Vaseline, obviously, wants to start a new penis themed Olympics that is all about Speed Whacking and if you can whack off before the fifteen seconds YOU WIN! Yay!

Can you imagine it? Twenty men from around the world gathering in one room, in one line, in the semi-dark, furiously whacking off in the hopes of making it to the sticky finish before the Vaseline dries and it the friction burn sets in. First one to explode all over his opponents wins the grand prize of being the fastest whacker in the west.
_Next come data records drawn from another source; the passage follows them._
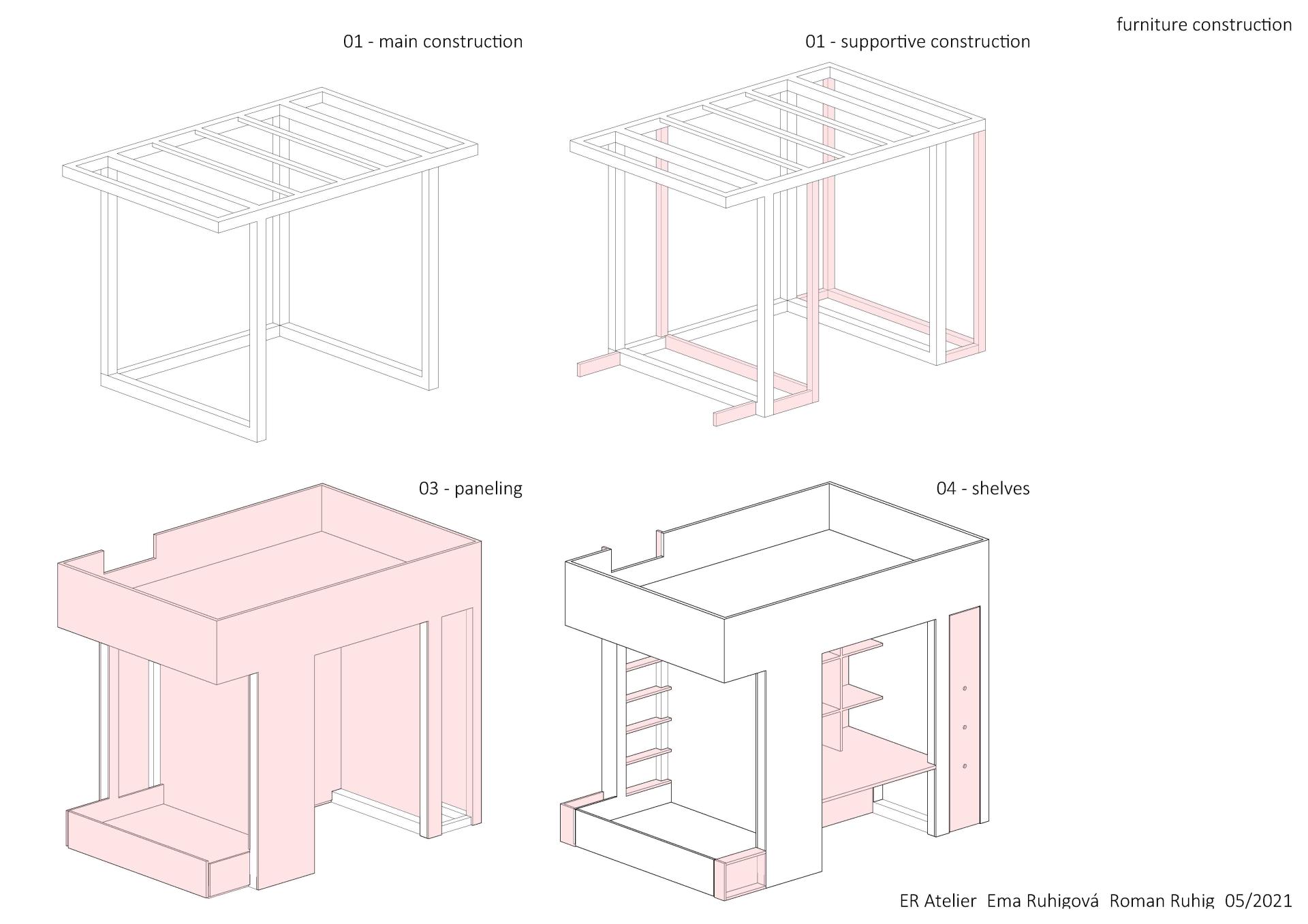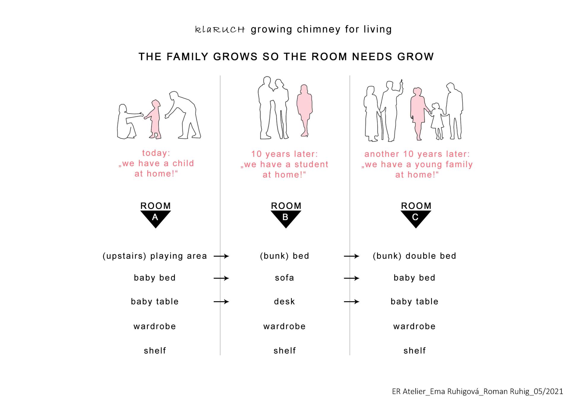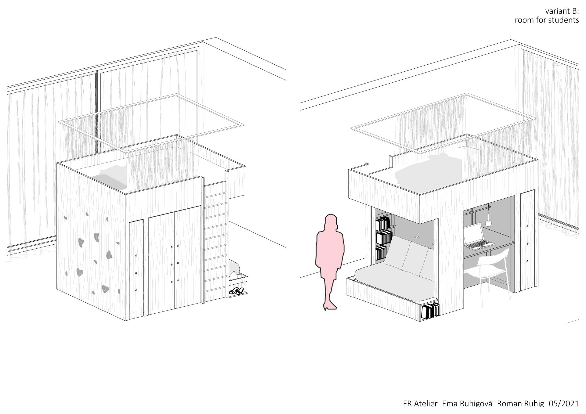 The main intention in the design of The KlaRUCH growing chimney for living was to meet the requirement for variability of its placement. Thanks to its compact shape, this furniture can be placed against the wall as well as in the free space, which also gives the possibility of applying a climbing wall. The individual segments of which it is composed represent a complete room equipment for one member of the household with whom he can grow. Thanks to simple and reversible modifications, it is possible to vary three variants of use: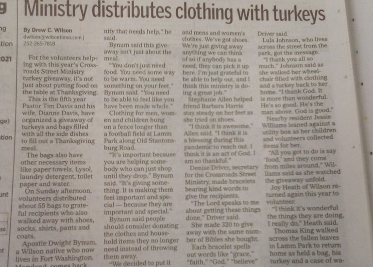 For the volunteers helping with this year’s Crossroads Street Ministry turkey giveaway, it’s not just about putting food on the table at Thanksgiving.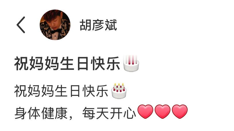 胡彦斌晒合照为妈妈庆生:“祝妈妈生日快乐,身体健康,每天开心”❤️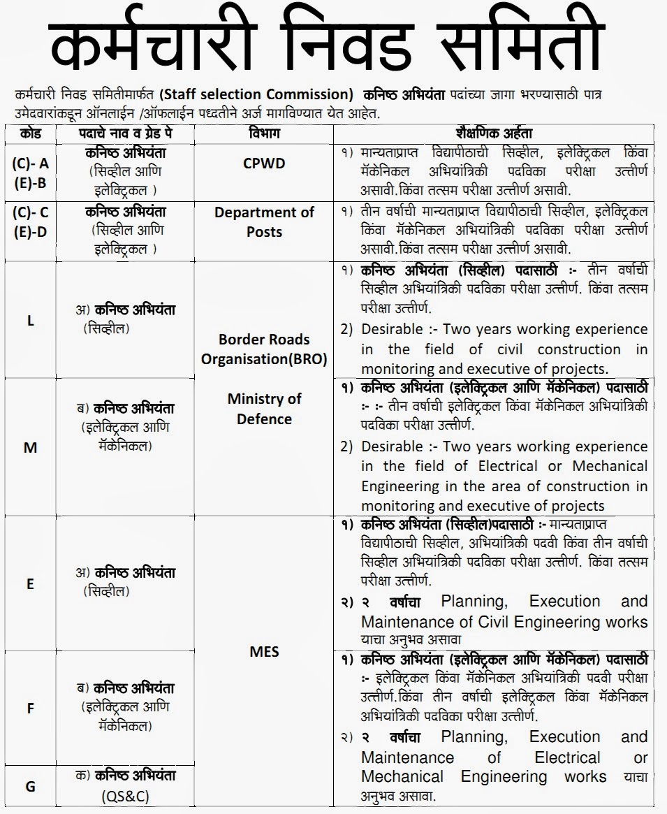 Staff Selection Commission Information In Marathi, Staff selection commission information in marathi|SSC CHSL in marathi|SSC CGL|SSC MTS|by Vishal sir, 13.71 MB, 09:59, 12,376, ATMABAL FOUNDATION, 2022-06-17T08:11:45.000000Z, 9, Staff Selection Comission (SSC) junior engineer Recruitment 2014, mahacityjobs.blogspot.com, 974 x 938, jpeg, Webstaff selection commission examination स्टाफ सिलेक्शन कमिशनच्या परीक्षा स्टाफ सिलेक्शन कमिशन म्हणजेच केंद्रीय कर्मचारी निवड आयोग होय. WebThe Staff Selection Commission is conducted for the recruitment of Group B (Grade II) and Group C (Grade III) posts in various departments of the Central Government. Grade Pay. WebHii this is Atmabal foundation and I am Vishal Bagadi in this video I have provided information about Staff selection commission all exams like ssc chsl,ssc ..., 20, staff-selection-commission-information-in-marathi, Quality Products Webstaff selection commission examination स्टाफ सिलेक्शन कमिशनच्या परीक्षा स्टाफ सिलेक्शन कमिशन म्हणजेच केंद्रीय कर्मचारी निवड आयोग होय. WebThe Staff Selection Commission is conducted for the recruitment of Group B (Grade II) and Group C (Grade III) posts in various departments of the Central Government. Grade Pay. WebHii this is Atmabal foundation and I am Vishal Bagadi in this video I have provided information about Staff selection commission all exams like ssc chsl,ssc ...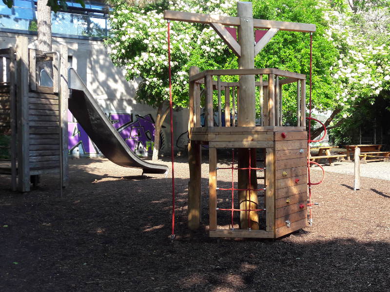 Im dritten Spielbereich, gleich neben dem Eingang, gibt’s mehr Schatten, eine Korbschaukel und weitere Kletteranregungen. Besonders gut hat meinen beiden Kindern (3 & 5 J.) die Rutsche gefallen. Sie ist etwas breiter als üblich und so konnten sie nebeneinander statt hintereinander runtersausen.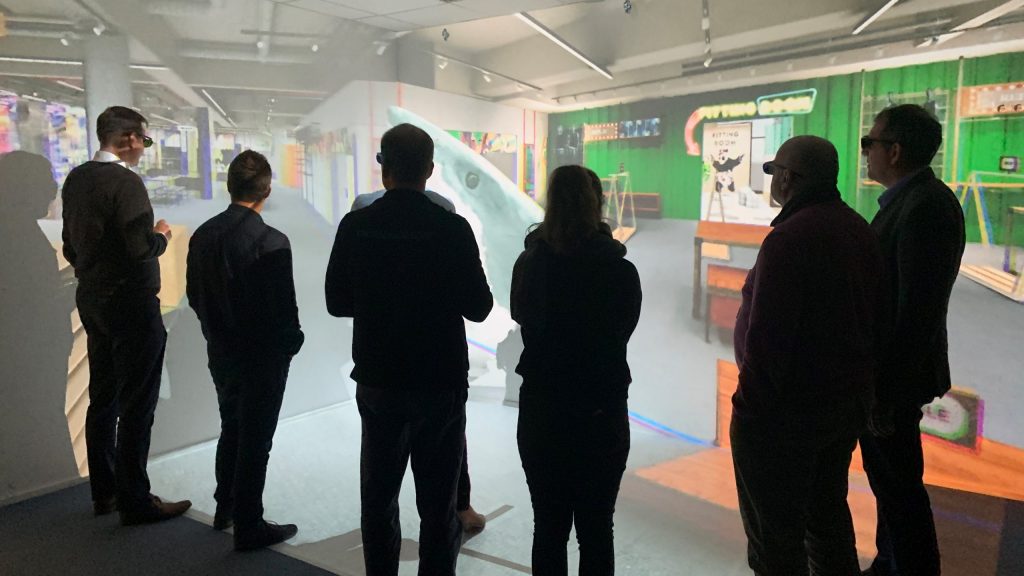 Konventionelle VR isoliert. SmartCave verbindet. In einem begehbaren Raum erleben mehrere Personen gemeinsam virtuelle Welten. Vor Ort oder mit remote zugeschalteten Teilnehmern. Ohne einengende VR-Brillen, mit vollem Blick auf Kollegen und Umgebung.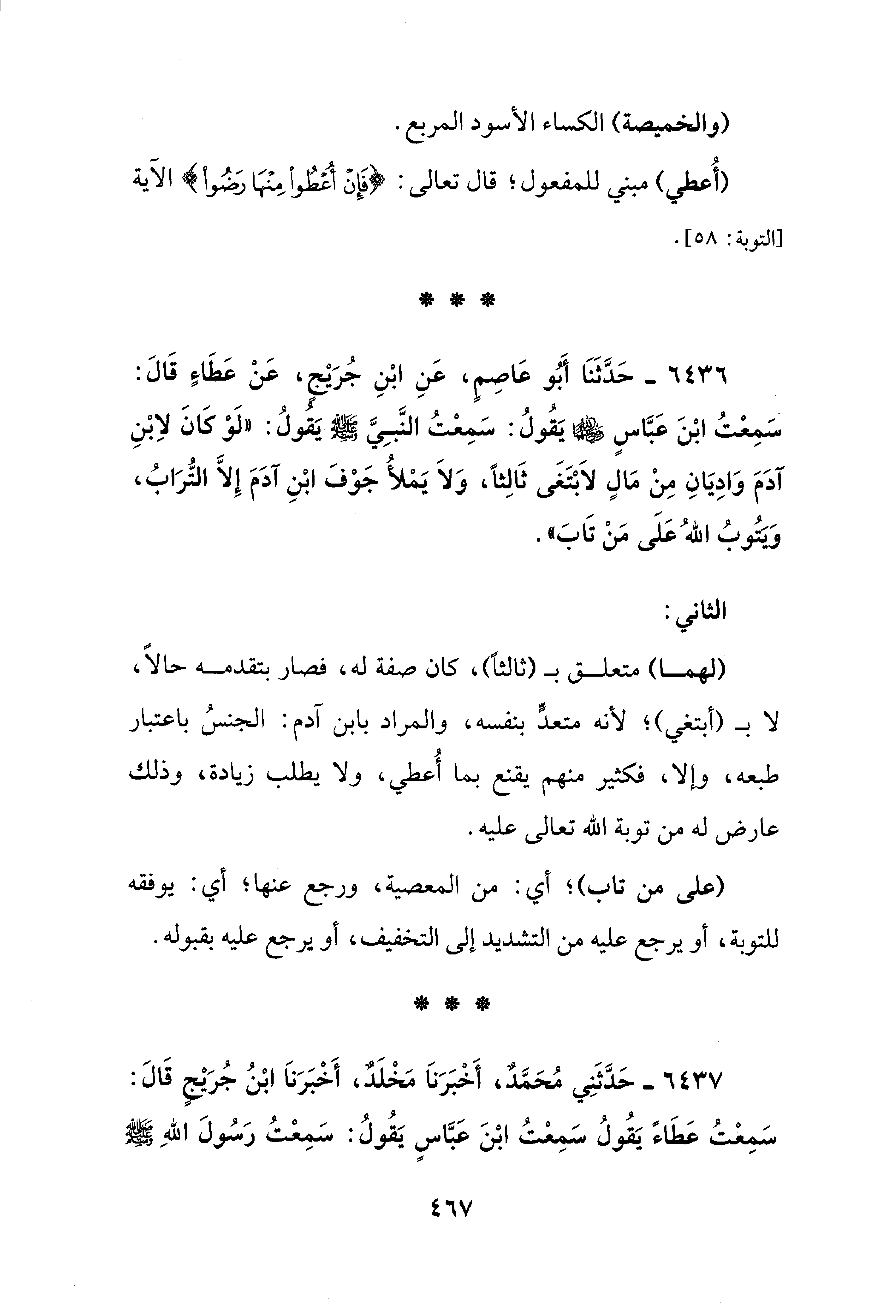 6436 - حَدَّثَنَا أَبُو عَاصِمٍ، عَنِ ابْنِ جُرَيْجٍ، عَنْ عَطَاءِ قَالَ: سَمِعْتُ ابْنَ عَبَّاسٍ - رضي الله عنهما - يَقُولُ: سَمِعْتُ النَّبِيَّ - صلى الله عليه وسلم - يَقولُ: "لَوْ كَانَ لاِبْنِ آدَمَ وَادِيَانِ مِنْ مَالٍ لَابْتَغَى ثَالِثًا، وَلَا يَمْلأُ جَوْفَ ابْنِ آدَمَ إلا التُّرَابُ، وَيتُوبُ اللهُ عَلَى مَنْ تَابَ".

Or that room.

And then the winner goes on a Speed Whacking North American Tour where he's forced to whack off in front of crowds of men and woman and maybe children, I'm not sure what Vaseline is into, and attempts to beat his record over and over again in various malls until next year when he's faced with his competitors who want to jerk off faster than him in front of him and others.

Or, Vaseline just hates masturbation. Is all I'm saying.


  1. Hahha this post is hilarious. I r ead it to my f riend and we laughed uncontrolably.

  2. I really wish there was an applause emoticon to accurately express how much this post made me laugh.

  3. It's people like you that make me write posts about furious male masturbation. KEEP IT REAL!

  4. There is now the remains of a gin and tonic on the screen of my mac. Just saying you now owe me $5.00 for lost gin. I accept Paypal.